Vier kodirektionale 64-KBit/s-G.703-Kanäle.
Vier V.24/RS-232 Low-Speed-Kanäle. Unterstützt Kanaldatenraten bis maximal 38,4 KBit/s asynchron und 64 KBit/s synchron sowie Ende-zu-Ende- Übertragung von Steuersignalen. Das Modul bietet optionale V.110-Unterstützung und ermöglicht somit eine verbesserte Bandbreitenoptimierung und eine geringere Ende-zu-Ende-Verzögerung.
Sechs/zwölf synchrone/asynchrone V.24/RS-232-Kanäle mit Datenraten zwischen 1,2 und 64 KBit/s, Ende-zu-Ende-Steuersignal und BERT.
Vier, sechs oder zwölf U-Schnittstellenkanäle (2B+D) mit 2B1Q-Leitungscode für Vollduplexbetrieb über 2-Draht-Leitungen. Unterstützt Datenraten bis maximal 128 KBit/s und Reichweiten von bis zu 5 km; stellt Speisespannung für das entfernte Netzabschlussgerät bereit.

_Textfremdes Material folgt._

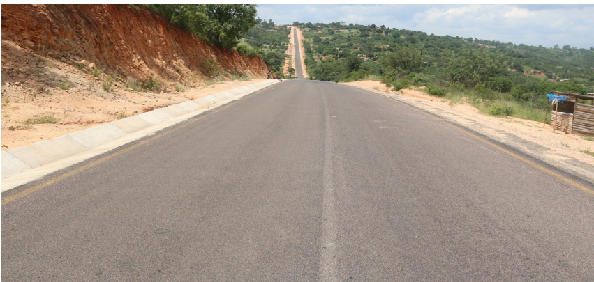
The 12 km road from Manswi to Kheshokolwe

The project to upgrade the D1350 between the village of Moruji and Maswi from gravel to tar is nearing its completion.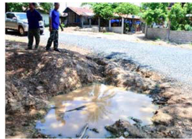
Villagers complaint on quality of contractor work at Thalunag village, they requested to fix before handover to community. CEI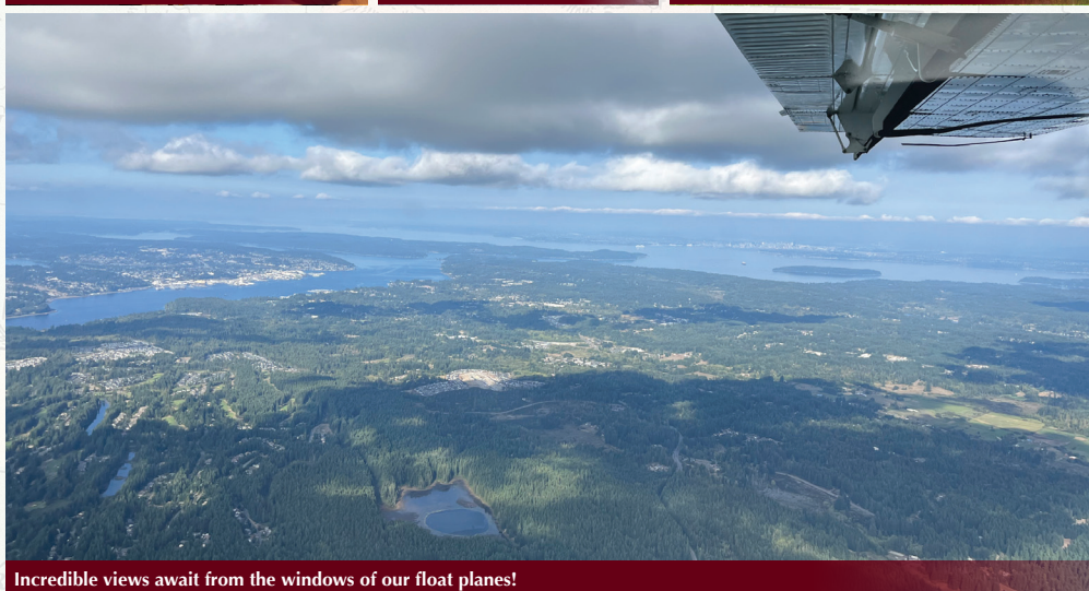
Incredible views await from the windows of our float planes!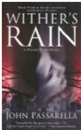
WITHER'S RAIN Pocket Star Books ISBN 0-671-02482-5 $6.99 Don't trust what you know.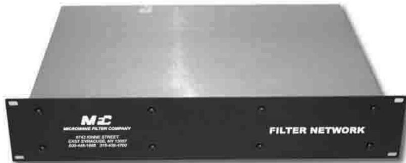
R17700 Rack Mount

Deletes an entire QAM channel for the purpose of reinserting alternate programming (e.g. – Instructional, Security Camera, etc.).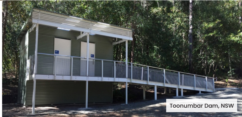
Toonumbar Dam, NSW

Our solutions align with sustainability goals and the specific needs of sensitive landscapes.

Unterstützt Vollduplexmodus für Management entfernter ASMi-31-Modems.
Vier oder zwölf ISDN S-Schnittstellenkanäle (2B+D). Einsatz als Endgerät (TE) oder Netzabschlussgerät (NTU). Jeder Kanal unterstützt Datenraten von bis zu 128 KBit/s.
Alarm- und Diagnosemodul mit vier abgehenden Relais und acht eingehenden Sensoren.
Vier, acht oder 16 PCM-Sprachkanäle mit optionalen E&M-, FXS-und FXO-Schnittstellen.
Vier oder acht analoge Sprachkanäle mit PCM- (64 KBit/s) oder ADPCM-Kodierung (24 oder 32 KBit/s) und E&M-, FXS- oder FXO-Schnittstellenoptionen.
16 PCM/ADPCM- Sprachkomprimierungskanäle (32/64 KBit/s) mit hoher Sprachqualität, keine Signalisierung; erlaubt die Übertragung von zwei Sprachkanälen pro 64 KBit/s-Zeitschlitz.
Ein spezielles Omnibus-E&M-Schnittstellenmodul stellt vier Sprachkanäle hoher Qualität zur Unterstützung von Anwendungen bereit, bei denen ein Hauptstandort mit mehreren entfernten Stationen gleichzeitig kommunizieren muss (etwa zur Übertragung einer wichtigen Mitteilung).
Vier oder sechs Sprachkanäle für den Einsatz mit speziellen batteriegespeisten Telefonen (z. B. Militärfeldtelefone).
Sprachkomprimierungsmodul mit bis zu zweifacher E1- oder T1-Kapazität, Komprimierungsverfahren G.723.1 (6,3 KBit/s pro Kanal) oder G.729.A (8,0 KBit/s pro Kanal), mit Modem-/Fax-Relais, transparenter Zeitschlitzunterstützung, Sprachaktivitätserkennung, Pausenunterdrückung und Comfort Noise-Einspeisung. Die Sprachkomprimierungs- Serverfunktionalität ermöglicht die Komprimierung von TDM-Verkehr von der Megaplex-Rückwandplatine und die Komprimierung von Analogkanälen von Sprachmodulen.